また、上述の各実施形態では、成形体11を金型100,200から取り出した後に、熱硬化処理を行うようにしている。しかしながら、熱硬化処理によらずに自然硬化させるようにしても良い。また、熱硬化処理後に、別途のコアやコイルを取り付ける工程を行うようにしても良い。
また、上述の各実施形態では、溶剤80の供給は、噴射ノズル104,206から溶剤80を噴射するものとしている。しかしながら、溶剤80の供給は、噴射ノズル104,206からの噴射に限られるものではない。
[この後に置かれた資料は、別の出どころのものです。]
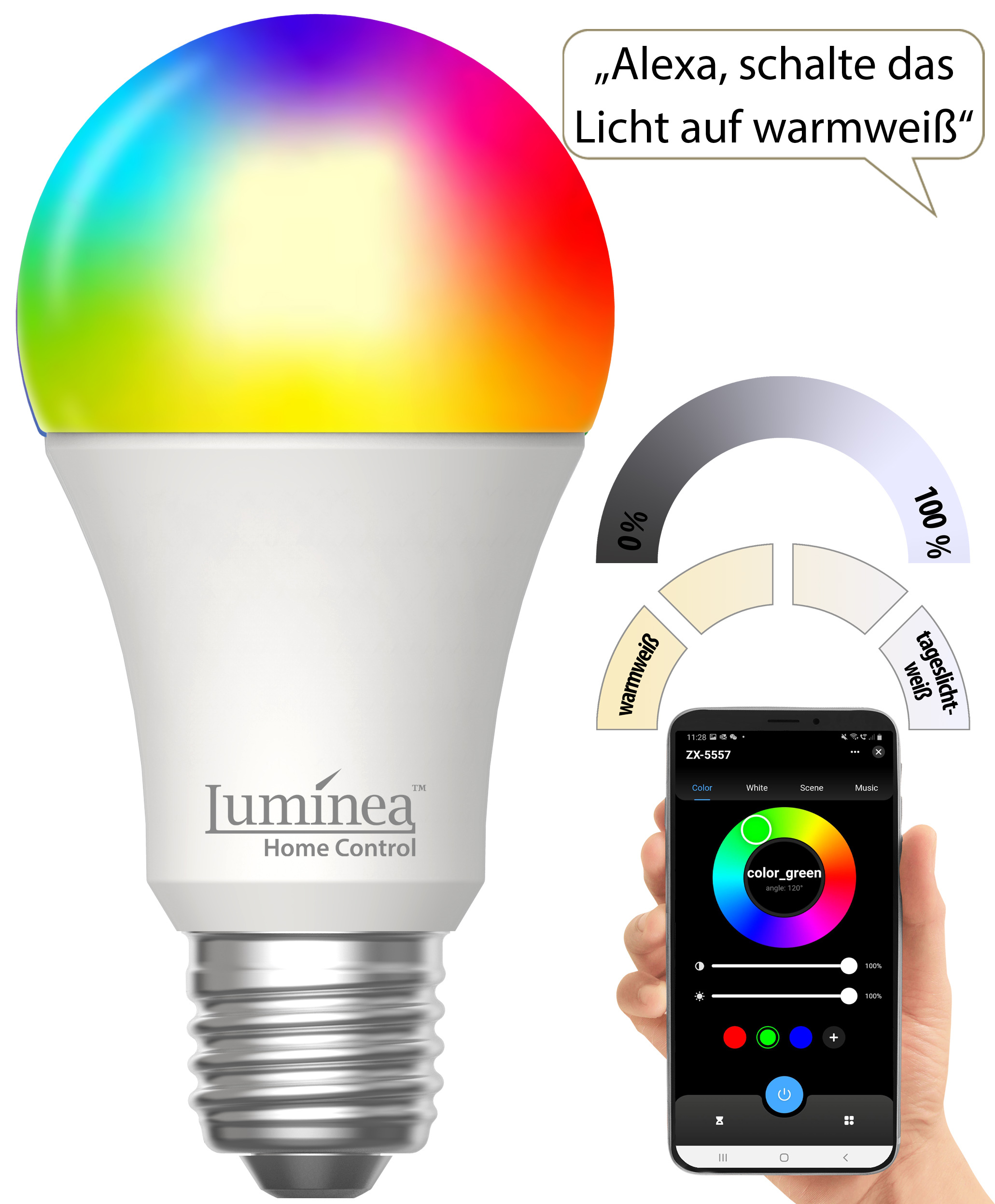Mit der WLAN-LED-Lampe E27 von Luminea Home Control lässt sich die Beleuchtung individuell anpassen. Helligkeit, Farbtemperatur und Lichtfarbe lassen sich per iPhone, Android-Smartphone oder Tablet-PC steuern. Das Licht erstrahlt wahlweise in Warmweiß bis Tageslichtweiß oder in einer von 16 Millionen verfügbaren Farben.

たとえば、所定量に分散された液滴を造粒粉末70に供給するようにしても良い。
10…電子部品、11,11C…成形体、20…内部コア、21…脚部、22…フランジ部、30,30C…コイル、31…端末、40…外装コア、50,50C…半製品、60,60C…パテ材、70,70C…造粒粉末、80…溶剤、100,100C,200,200C…金型、101,101C…下型、102,102C…臼、102a,102Ca,205…内筒部、103,103C…上パンチ、104,206…噴射ノズル(供給手段に対応)、201,201C…上側臼、202,202C…下側臼、203,203C…上パンチ、204,204C…下パンチ(加圧手段に対応)

Claims (10)

  1. 絶縁被覆を有する導線が巻回されたコイルを備える電子部品の製造方法であって、
    金型の内筒部に前記コイルを設置するコイル設置工程と、
    前記内筒部に、金属系磁性粉にバインダ樹脂を混合して形成される顆粒が集合した造粒粉末を投入する投入工程と、
    前記投入工程における前記造粒粉末の投入中または投入の後に、前記バインダ樹脂を溶解、軟化または膨潤させる溶剤を供給する溶剤供給工程と、
    前記溶剤供給工程の後に、前記造粒粉末を加圧成形して成形体を形成する加圧成形工程と、
    前記加圧成形工程の後に前記成形体を熱処理して前記バインダ樹脂を熱硬化させる熱硬化工程と、
    を備えることを特徴とする電子部品の製造方法。
  2. 請求項1記載の電子部品の製造方法であって、
    前記溶剤供給工程の後に、前記溶剤を前記造粒粉末に所定の拡散時間を経過するように拡散浸透させる拡散浸透工程を備えることを特徴とする電子部品の製造方法。
  3. 請求項1または2記載の電子部品の製造方法であって、
    前記投入工程では、前記造粒粉末の投入を間欠的に行うと共に、
    前記溶剤供給工程では、間欠的な前記造粒粉末の投入中断タイミングにおいて前記溶剤の供給を行う、
    ことを特徴とする電子部品の製造方法。
  4. 請求項1から3のいずれか1項に記載の電子部品の製造方法であって、
    前記加圧成形工程では、前記造粒粉末への成形圧力を2kg/cmから200kg/cmの間としている、
    ことを特徴とする電子部品の製造方法。
  5. 請求項1から4のいずれか1項に記載の電子部品の製造方法であって、
    前記溶剤供給工程では、前記バインダ樹脂に対する前記溶剤の供給量を15wt%から150wt%の範囲内としている、
    ことを特徴とする電子部品の製造方法。
  6. 請求項5記載の電子部品の製造方法であって、
    前記加圧成形工程では、前記溶剤供給工程における前記溶剤の供給量を100wt%から150wt%の範囲内としたときには前記造粒粉末への成形圧力を5kg/cmから200kg/cmの間としている、
    ことを特徴とする電子部品の製造方法。
  7. 請求項5または6記載の電子部品の製造方法であって、
    前記加圧成形工程では、前記溶剤供給工程における前記溶剤の供給量を50wt%から100wt%の範囲内としたときには前記造粒粉末への成形圧力を50kg/cmから200kg/cmの間としている、
    ことを特徴とする電子部品の製造方法。
  8. 請求項5から7のいずれか1項に記載の電子部品の製造方法であって、
    前記加圧成形工程では、前記溶剤供給工程における前記溶剤の供給量を30wt%から50wt%の範囲内としたときには前記造粒粉末への成形圧力を100kg/cmから200kg/cmの間としている、
    ことを特徴とする電子部品の製造方法。
  9. 請求項5から8のいずれか1項に記載の電子部品の製造方法であって、
    前記加圧成形工程では、前記溶剤供給工程における前記溶剤の供給量を15wt%から30wt%の範囲内としたときには前記造粒粉末への成形圧力を200kg/cmとしている、
    ことを特徴とする電子部品の製造方法。
  10. 絶縁被覆を有する導線が巻回されたコイルを備える電子部品を製造する電子部品の製造装置であって、
    前記コイルを配置可能な内筒部を備える金型と、
    前記内筒部に投入された、金属系磁性粉末にバインダ樹脂を混合して形成される顆粒が集合した造粒粉末に対して、前記バインダ樹脂を溶解、軟化または膨潤化する溶剤を供給する供給手段と、
    前記溶剤が噴射された前記造粒粉末を加圧する加圧手段と、
    を備えることを特徴とする電子部品の製造装置。